What you will do:
Set down the entries that follow exactly as written, leaving out any images.

---------------

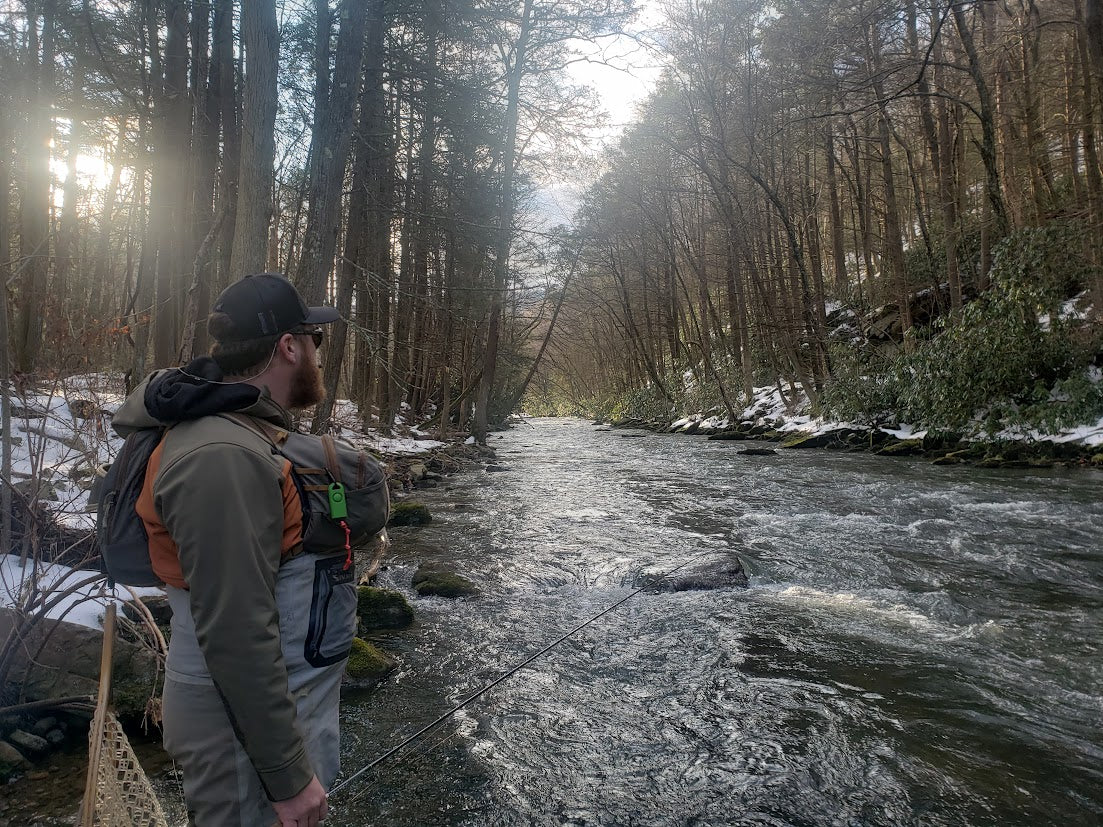 For baselayers, modern thermal and wool blend products are great. Something that is moisture wicking is helpful. Mid layers provide your first strong piece of insulation. This could be fleece or other synthetic blends. Today most companies make some very good low profile mid layers that don’t add too much bulk. For your main insulation, a puffy down or synthetic jacket should do the job. Lastly a shell in the form of a good wading jacket will be critical, especially anytime the weather takes a turn. A rain jacket can suffice here but spending the money on a good wading jacket is a great investment for the winter angler. For socks, a liner paired with a medium weight wool sock should be all you need. If your feet are still cold, try loosening your boot laces or switching to a larger boot altogether. Circulation is far more important than layers on your feet. Hats and gloves should also be on hand. Hats are straightforward. I prefer gloves with fingertips open to aid in line handling and knot tying.
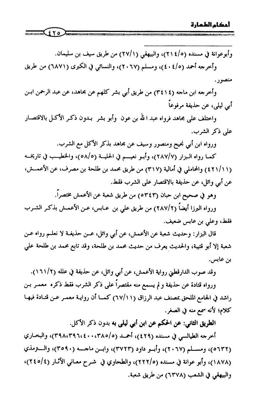 كما رواه البزار (٧/ ٢٨٧)، وأبو نعيم في الحلية (٥/ ٥٨)، والخطيب في تاريخه (١١/ ٤٢١) والمحاملي في أمالية (٣١٧) من طريق محمد بن طلحة بن مصرف، عن الأعمش، عن أبي وائل، عن حذيفة بالاقتصار على الشرب فقط.
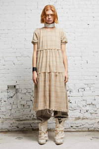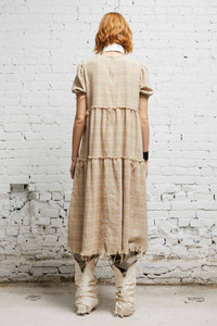 Midi dress featuring a relaxed fit and shredding at the seams. Built with Japanese cotton and a bleached, overdyed effect. - Color: Overdyed Khaki Plaid - 100% Cotton - Julia is 5'10" and wearing size M - Bust 32"; Waist 24"; Hips 35" - R13WR045-R260D - Imported
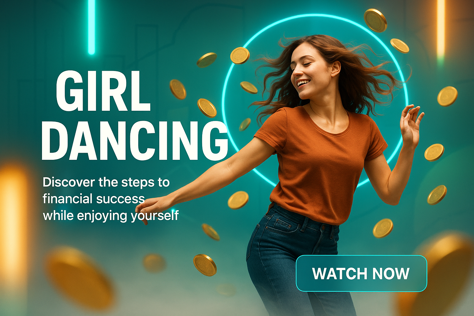 Dynamic Promotional Graphic Featuring Dancing Woman and Financial Success Theme
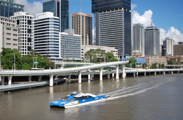 With the wind in my hair and a light occasional spray on my face, I’m rediscovering the joy of public transport by travelling on Brisbane’s fast, sleek CityCats whenever I can. Jumping aboard and travelling the river to get to where I’m going has been a great way to get around since returning to Brisbane recently after seven years living in Melbourne. CityCats run from the University of Queensland at St Lucia to the cafes of Bulimba and Tenneriffe and on to Hamilton, the last stop. There are lots of stops along the way that are worth getting off at but if you don’t, the whole length of the CityCat route takes a bit more than an hour and will cost you the princely sum of $5.20
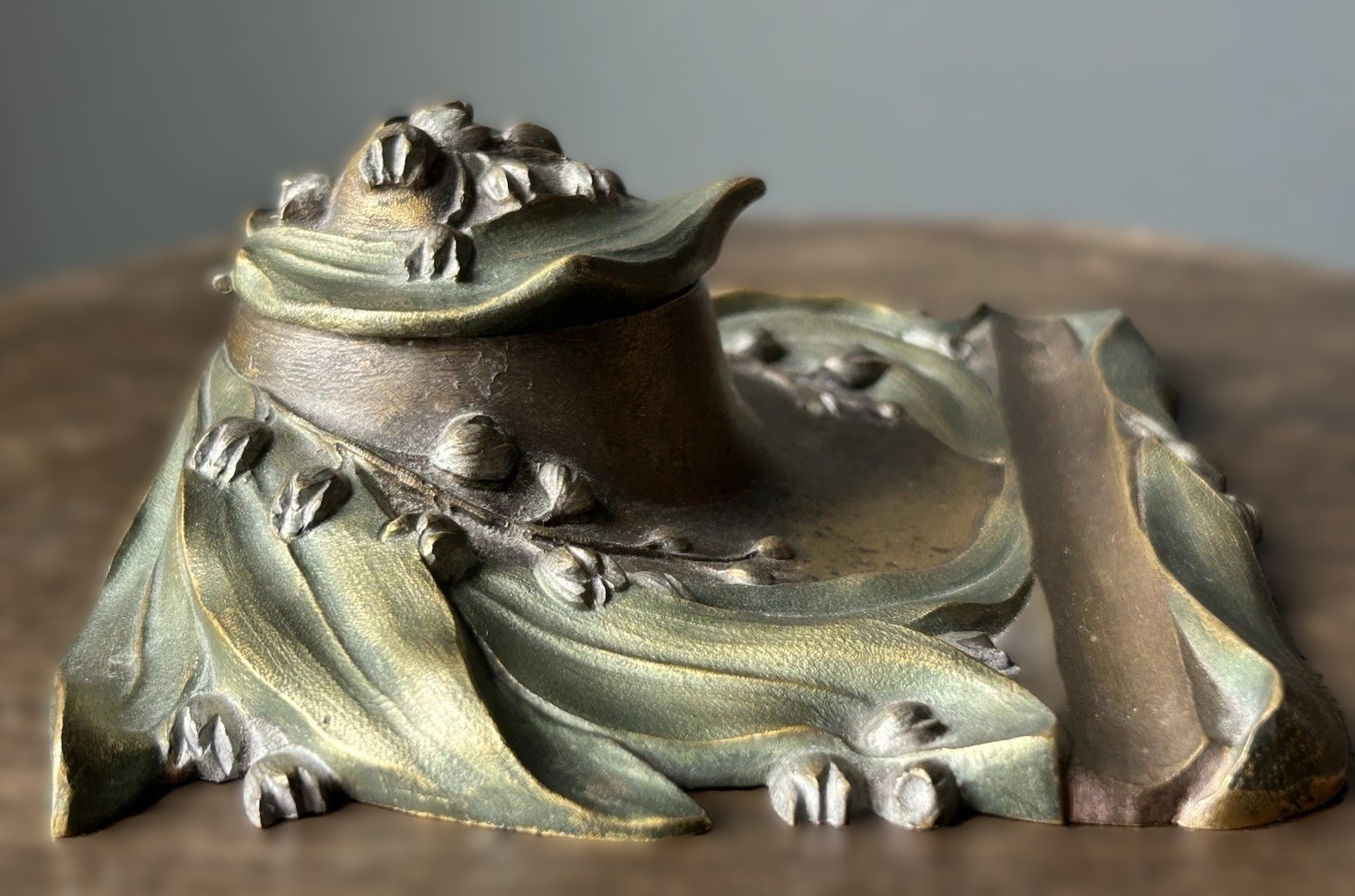 - Inkwell and Lid: The inkwell itself is subtly integrated into the raised section of the design, beneath a hinged lid. The lid is also shaped and decorated with organic lines, echoing the floral theme, and blends into the overall sculptural form.
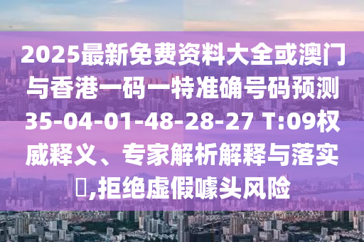 2025最新免費資料大全或澳門與香港一碼一特準確號碼預測35-04-01-48-28-27 T:09權威釋義、專家解析解釋與落實?,拒絕虛假噱頭風險
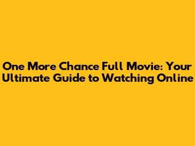 Watch 'One More Chance' Full Movie: Your Ultimate Guide
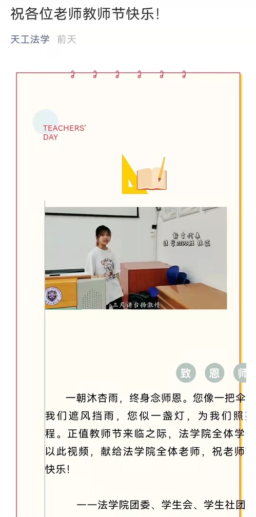 与此同时,法学院团委、学生会和学生社团组织学生录制了视频《致恩师》。视频取景泮湖、图书馆、模拟法庭等地标场所,镜头闪转间,莘莘学子满含深情表达着“一朝沐杏雨,终身念师恩”的情怀。各位同学还为学院全体教师精心制作了贺卡,为老师们送上节日的祝福。
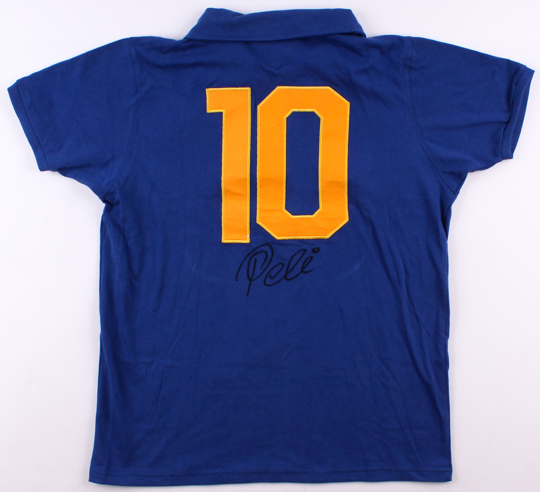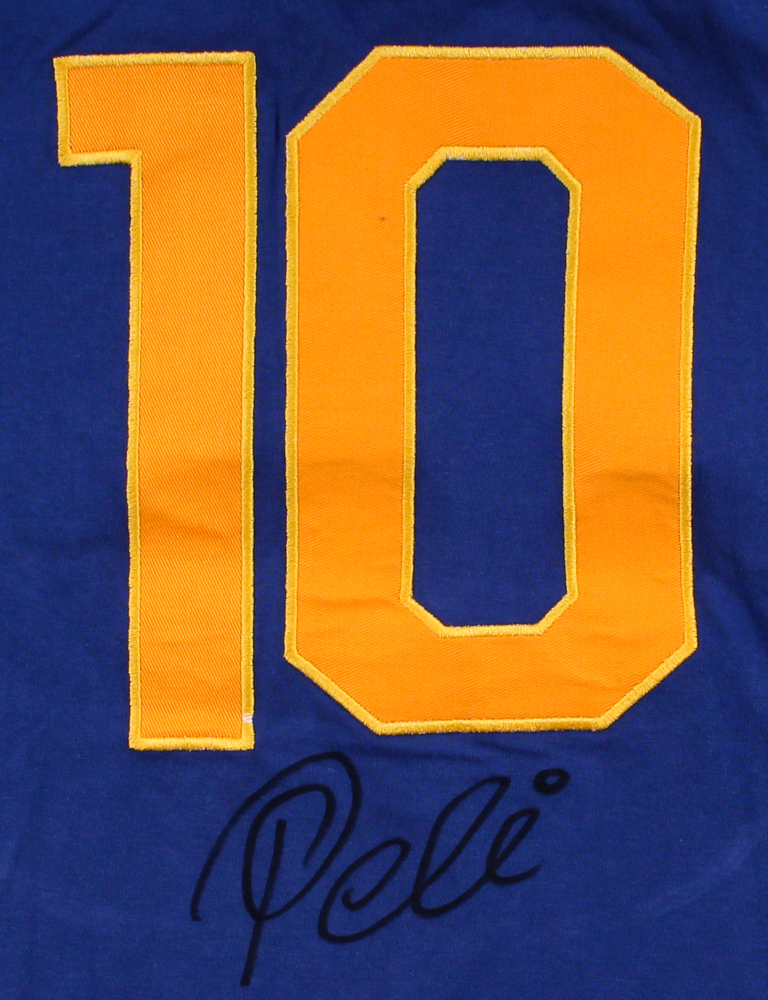 Brazil 1958 world cup replica jersey hand-signed in black felt tip pen by Pele. Cup Championship. During his international career, he won three FIFA World Cups: 1958, 1962 and 1970, being the only player ever to do so.
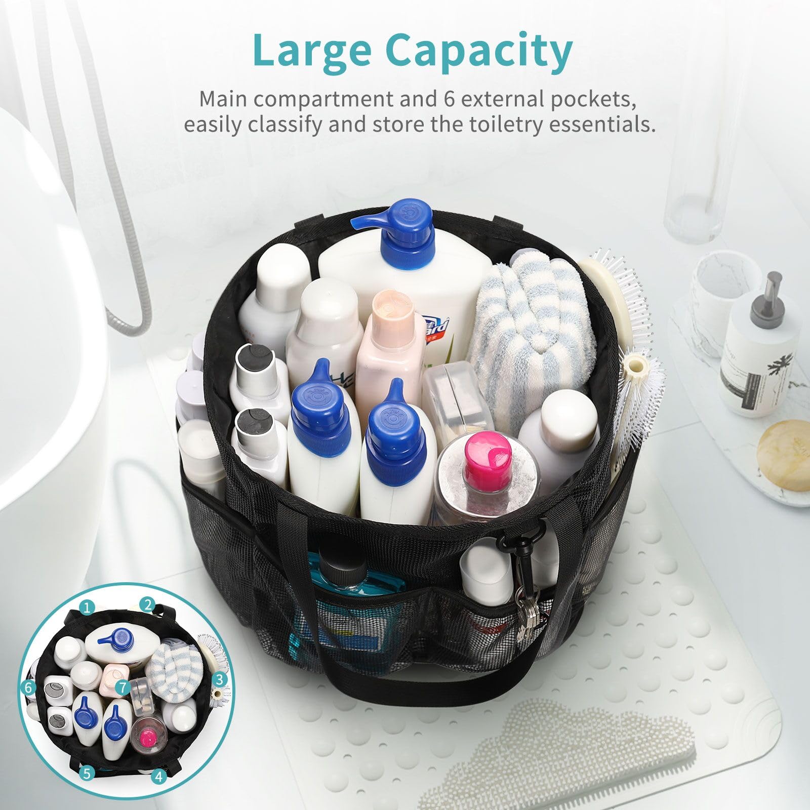 • Large Capacity: 9.45 x 8.27 x 9.65 inch, a large main compartment and 6 side pockets, which can store all dormitory stuff and bathroom shower essentials, such as full-size shampoo bottles, conditioner, hairspray, body wash, shaver, toothbrush, comb, towel, hairdryer,ect, and keeps them organized.
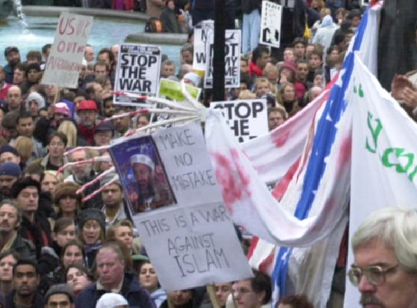 Note the sign of Osama bin Laden’s face and words “Make no mistake this is a war against Islam”
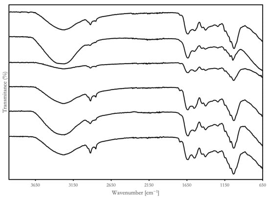 The infrared spectra of the samples were recorded between 4000 and 650 cm−1 at a resolution of 4 cm−1 using a Nicolet iS10 spectrometer (PerkinElmer Inc., Waltham, MA, USA) mounted with an attenuated total reflectance (ATR) accessory. The powder was directly placed on a single reflection diamond ATR accessory and pressed to have good contact between the crystal and sample. Spectra processing was performed using the software EZ Omnic (Thermo Electron Corporation, Madison, WI, USA).
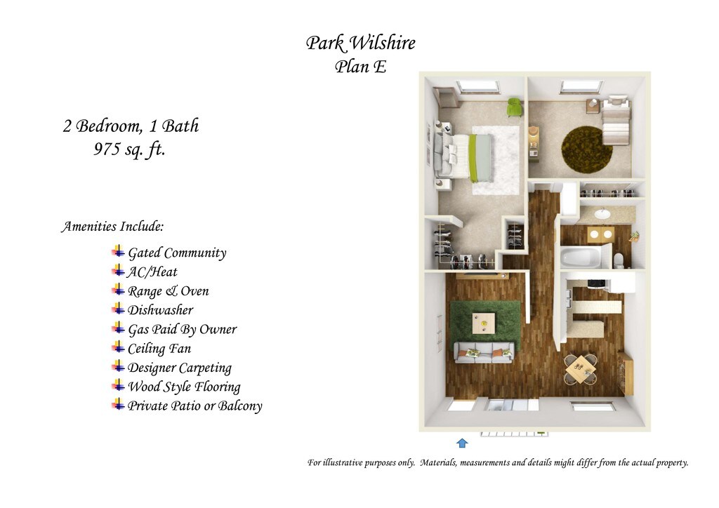 2 Bedrooms 1 Bathroom Plan E - Floorplan 1 ![]()

---------------

Response:
 For baselayers, modern thermal and wool blend products are great. Something that is moisture wicking is helpful. Mid layers provide your first strong piece of insulation. This could be fleece or other synthetic blends. Today most companies make some very good low profile mid layers that don’t add too much bulk. For your main insulation, a puffy down or synthetic jacket should do the job. Lastly a shell in the form of a good wading jacket will be critical, especially anytime the weather takes a turn. A rain jacket can suffice here but spending the money on a good wading jacket is a great investment for the winter angler. For socks, a liner paired with a medium weight wool sock should be all you need. If your feet are still cold, try loosening your boot laces or switching to a larger boot altogether. Circulation is far more important than layers on your feet. Hats and gloves should also be on hand. Hats are straightforward. I prefer gloves with fingertips open to aid in line handling and knot tying.
 كما رواه البزار (٧/ ٢٨٧)، وأبو نعيم في الحلية (٥/ ٥٨)، والخطيب في تاريخه (١١/ ٤٢١) والمحاملي في أمالية (٣١٧) من طريق محمد بن طلحة بن مصرف، عن الأعمش، عن أبي وائل، عن حذيفة بالاقتصار على الشرب فقط.
 Midi dress featuring a relaxed fit and shredding at the seams. Built with Japanese cotton and a bleached, overdyed effect. - Color: Overdyed Khaki Plaid - 100% Cotton - Julia is 5'10" and wearing size M - Bust 32"; Waist 24"; Hips 35" - R13WR045-R260D - Imported
 Dynamic Promotional Graphic Featuring Dancing Woman and Financial Success Theme
 With the wind in my hair and a light occasional spray on my face, I’m rediscovering the joy of public transport by travelling on Brisbane’s fast, sleek CityCats whenever I can. Jumping aboard and travelling the river to get to where I’m going has been a great way to get around since returning to Brisbane recently after seven years living in Melbourne. CityCats run from the University of Queensland at St Lucia to the cafes of Bulimba and Tenneriffe and on to Hamilton, the last stop. There are lots of stops along the way that are worth getting off at but if you don’t, the whole length of the CityCat route takes a bit more than an hour and will cost you the princely sum of $5.20
 - Inkwell and Lid: The inkwell itself is subtly integrated into the raised section of the design, beneath a hinged lid. The lid is also shaped and decorated with organic lines, echoing the floral theme, and blends into the overall sculptural form.
 2025最新免費資料大全或澳門與香港一碼一特準確號碼預測35-04-01-48-28-27 T:09權威釋義、專家解析解釋與落實?,拒絕虛假噱頭風險
 Watch 'One More Chance' Full Movie: Your Ultimate Guide
 与此同时,法学院团委、学生会和学生社团组织学生录制了视频《致恩师》。视频取景泮湖、图书馆、模拟法庭等地标场所,镜头闪转间,莘莘学子满含深情表达着“一朝沐杏雨,终身念师恩”的情怀。各位同学还为学院全体教师精心制作了贺卡,为老师们送上节日的祝福。
 Brazil 1958 world cup replica jersey hand-signed in black felt tip pen by Pele. Cup Championship. During his international career, he won three FIFA World Cups: 1958, 1962 and 1970, being the only player ever to do so.
 • Large Capacity: 9.45 x 8.27 x 9.65 inch, a large main compartment and 6 side pockets, which can store all dormitory stuff and bathroom shower essentials, such as full-size shampoo bottles, conditioner, hairspray, body wash, shaver, toothbrush, comb, towel, hairdryer,ect, and keeps them organized.
 Note the sign of Osama bin Laden’s face and words “Make no mistake this is a war against Islam”
 The infrared spectra of the samples were recorded between 4000 and 650 cm−1 at a resolution of 4 cm−1 using a Nicolet iS10 spectrometer (PerkinElmer Inc., Waltham, MA, USA) mounted with an attenuated total reflectance (ATR) accessory. The powder was directly placed on a single reflection diamond ATR accessory and pressed to have good contact between the crystal and sample. Spectra processing was performed using the software EZ Omnic (Thermo Electron Corporation, Madison, WI, USA).
 2 Bedrooms 1 Bathroom Plan E - Floorplan 1 ![]()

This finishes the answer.